At Kimac, we’re a fast-growing contract manufacturer committed to excellence in GMP-compliant production. Our mission is simple: to make manufacturing efficient, transparent, and reliable. As we expand our capabilities and pursue additional certifications, we’re looking for a Head of Quality to help shape the foundation and future of our quality systems.

The Opportunity:

This is a key leadership role for someone who is both strategic and hands-on. We’re seeking an action-oriented quality professional who thrives in a dynamic startup environment. You’ll lead efforts to strengthen our internal quality systems, maintain GMP compliance, and prepare the company for future certifications and audits.

Key Responsibilities:

• Lead all QA/QC activities across production and related areas.
• Collaborate with production, business development, and leadership to ensure quality is integrated into every stage of operations.
• Develop, implement, and maintain SOPs, policies, and quality management systems in line with GMP standards.
• Enforce GMP/GDP practices on the production floor and ensure strict SOP adherence.
• Perform equipment cleaning verification and swab testing.
• Manage sample testing, retention, and coordination with third-party labs.
• Support production teams to ensure seamless documentation and batch record accuracy.
• Verify room and equipment cleaning and sanitation before production starts.
• Identify and implement opportunities to standardize and elevate internal processes.
• Prepare the organization for future certifications (ISO, NSF, Organic, etc.) and lead audit readiness.
• Train and mentor team members to strengthen quality culture and compliance.

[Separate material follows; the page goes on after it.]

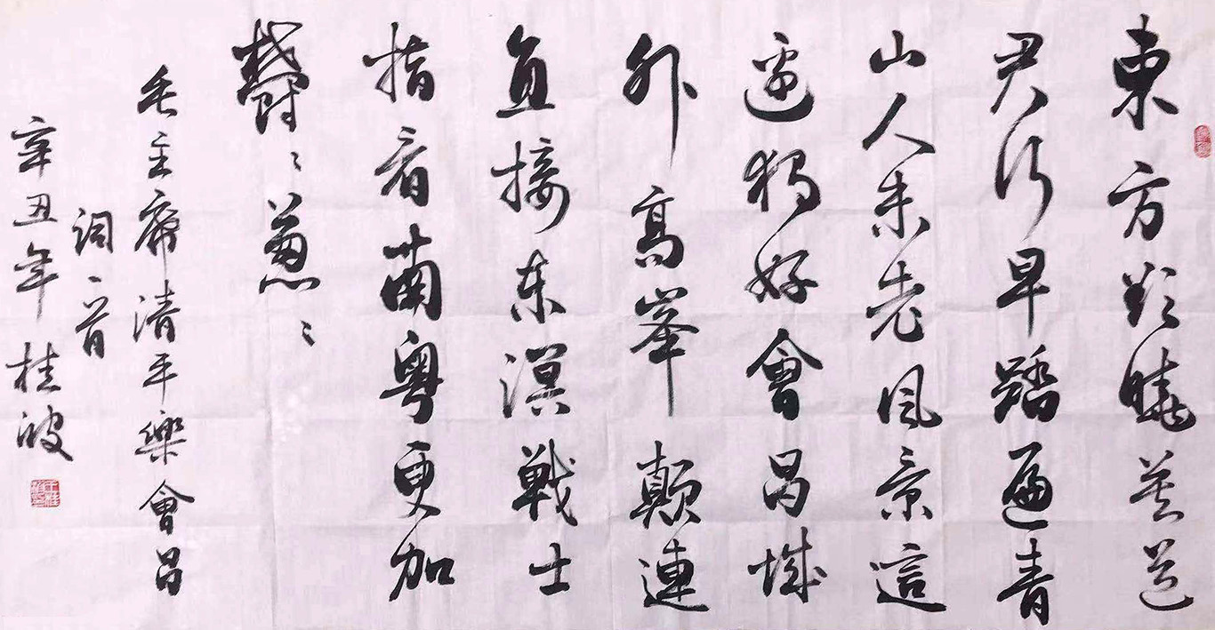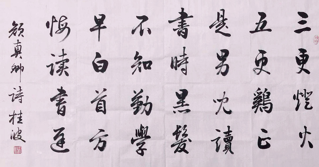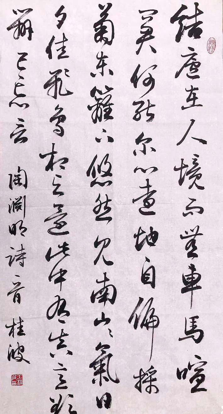 王桂波,山东烟台人。 自幼习字,初习唐楷,后学二王赵孟頫,师从中国资深书法家,一带一路之歌书写者马祝平老师,并在往届书法比赛中多次获奖,现为龙口市书法家协会会员,烟台市书法家协会会员,缘墨书院副院长。

Additional Responsibilities:

• Oversee quality review, approval, and release of incoming materials, in-process blends, and finished goods.
• Monitor testing schedules, material status, and quarantine/QA hold inventories.
• Ensure daily scale checks and calibration records are maintained.
• Assist with CAPA, nonconformance, and rework investigations.
• Perform other duties and projects as assigned.

Required Skills:

• Strong written and verbal communication; detail-oriented and organized.
• Ability to work independently and collaboratively in a fast-paced environment.
• Skilled at multitasking across multiple production lines.
• Effective problem-solving and process improvement mindset.

Who You Are:

• Collaborative: Builds strong relationships across teams.
• Assertive & Action-Oriented: Takes initiative and drives results.
• Positive & Growth-Minded: Thrives in building and improving systems.
• Adaptable: Energized by change and startup environments.

Qualifications:

• Proven experience in GMP manufacturing, preferably in nutraceuticals, food, or cosmetics.
• Demonstrated success in building or improving quality systems and documentation.
• Strong knowledge of regulatory requirements and audit preparation.
• Excellent leadership, communication, and organizational skills.
• Bilingual (Spanish/English) strongly preferred.

Compensation:

Compensation and final role scope will be determined based on experience and the individual candidate. Our priority is finding the right person—someone who will thrive in a startup environment and grow with the company.